Although some news wires have announced that only laptops would be covered, it seems that Microsoft could extend the ULCPC to ultra cheap desktops as well, provided that they are smart enough to navigate through Microsoft's Terms and Conditions.
But the software manufacturer has not backed off from its initial deadline of 30th of June 2008, at which date, it will stop selling Windows XP by this date.
Microsoft's announcement shows that the Ultra Cheap computer market is considered as a crucial market to be conquered: as it stands, even a cut-down version of Vista would have no chances against a trimmed down Linux distribution when it comes to speed and price.

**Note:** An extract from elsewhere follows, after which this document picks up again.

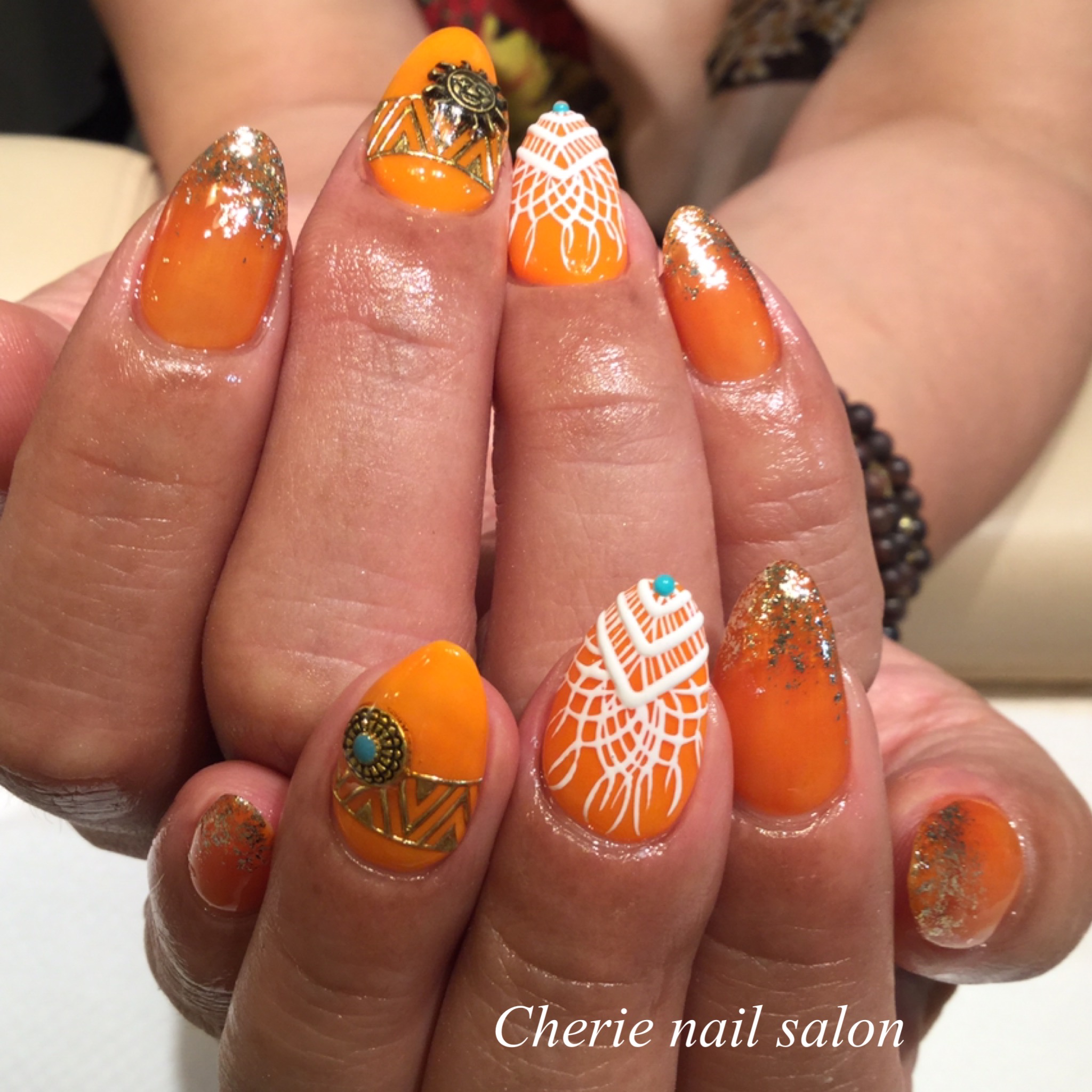 人気のクロッシェネイル☺︎ オレンジで真夏に!!

Microsoft has released a full set of guidelines (PDF document here (opens in new tab)) on how to design Flash-based Ultra Low cost PCs for Windows XP and it is yet unknown whether Microsoft will allow manufacturers to bundle WIndows XP with hard drive-based laptops and desktops.
The document is fairly extensive but also slightly confusing (ed : the author of the document seems to confuse between MB and MHz and there's no mention of laptops or notebooks in the document).
In other news, US-based Best Buy has started to sell the Asus Eee PC Galaxy Black with preinstalled Windows XP Home Edition for $399.99.